Finalisation of the PCR proposal

The PCR moderator is responsible for the finalisation of the PCR proposal taken into due consideration to the comments received during the open consultation procedure. A draft report shall be prepared including a short description of the open consultation process carried out, the parties participating in the consultation, the main comments received and how these have been handled. In case certain comments not have been considered, this has to be justified.

The PCR moderator shall inform about the finalisation of the PCR proposal via the Global PCR Forum and send the proposal and the associated PCR draft report to the IEC Secretariat for review by the PCR review panel (see below).

The PCR review procedure

The PCR review procedure is carried out by a panel to the international EPD®system called the Technical Committee (TC). The TC consists of selected persons konwledgeable in the field of LCA/PCR/EPD and working both in official organisations, companies and research organisations.

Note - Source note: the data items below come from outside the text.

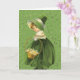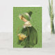 Green coloured glitter 4 leaves pattern, Clover leaf. Background, with a Scottish girl design on front holding a flower basket. Girl is dressed in St. Patrick’s Day theme. The image is available for a variety of products. Text adding is optional. This pattern was downloaded from http://www.pixelscrapper.com/
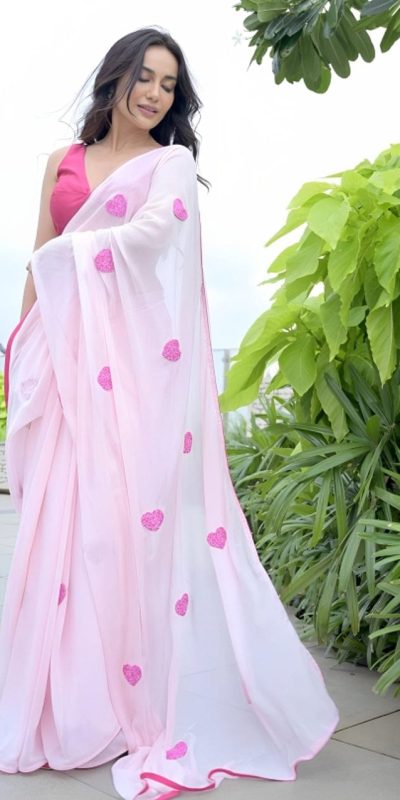SC 213 Light Pink color Soft Georgette Silk With Embroidery Heart Design Saree Casual, Wedding, Festive, Events . Expected Delivery 4-6 Working Days @1549/- only
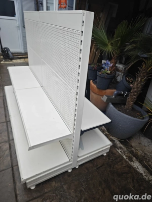 Hallo zum Verkauf steht hier ein verkaufsregal der Firma tego Metall ladeneinrichtung Das verkaufsregal gondelregal besteht aus 2x1 Meter Regal mit jeweils 2 regalböden von beiden Seiten Und den unteren einlegeboden Der obere Teil dieser Gondel ist für lochhaken bestimmt um ganz einfach Gegenstände ...
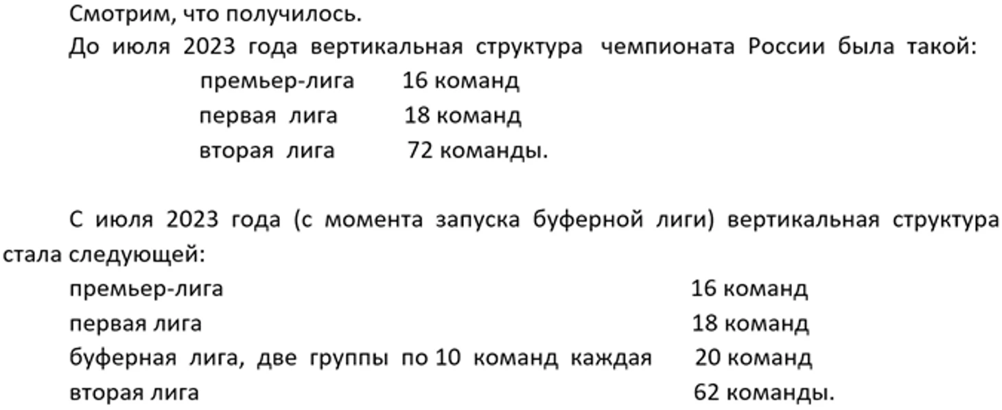 Наконец, для тех, кто ждал хорошие новости российского футбола, с июля 2023 года одну структурную часть чемпионата России стали проводить в зимнем календаре, другую структурную часть чемпионата – в летнем календаре, а для синхронизации двух разных календарей в структуру чемпионата России ввели синхронизирующий механизм – буферную лигу.
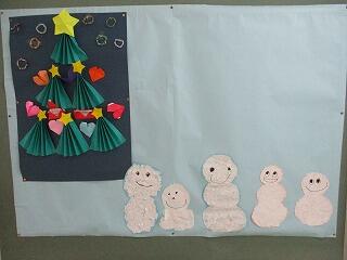 工事の関係で少し寂しい感じがする昇降口ですが、ALTのシェラリン先生が、全校生の手形をモチーフにしてクリスマスツリーを作ってくれました。近くの個別学習教室にもツリーとかわいい雪だるまが貼ってありました。クリスマスは、みんなが温かい気持ちになれる素敵な日ですね。
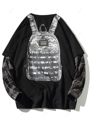 Zaful Opt for an everyday casual style with this sweatshirt, which adds a relaxing touch to your day-to-day outfits. Show off this design featuring backpack print & plaid sleeves by pairing it with trousers or jeans. Clothes Type: Sweatshirts Style: Casual Occasions: Daily Collar: Crew Collar Shi

The review procedure can either lead to:

• the full acceptance of the PCR proposal
• the acceptance of the PCR proposal with comments to be fulfilled
• the need for further clarification and amendments required by the TC

In case the TC gives comments on PCR proposals, it is the responsibilty of the Secretariat to follow up that these comments are considered in the preparation of the final version of the PCR document. In case the TC needs furher clarifications or amendments to the text, the PCR moderator is responsible for providing the TC with a new modified version for the PCR document.

Disclosing open information about the approval of the PCR

As soon as the PCR document is approved, it is published the on this EPD website with associated information presented in the PCR Data Sheet including general information about the scope of the PCR, registration identity, PCR moderator, participating partners in the preparatory work etc. together with the possibilty to directly comment on the document via the PCR Forum.

Setting the validity of PCR documents

The validity of PCR documents in the international EPD®system is usually specified for a pre-determined period of time from the date of the approval. The approval date is specified in the PCR Data Sheet. It is important that a PCR document has a validity time with a reasonable sufficient length to safeguard market stability. It is also important for the identification of EPDs that the associated PCR document is referenced in the EPD.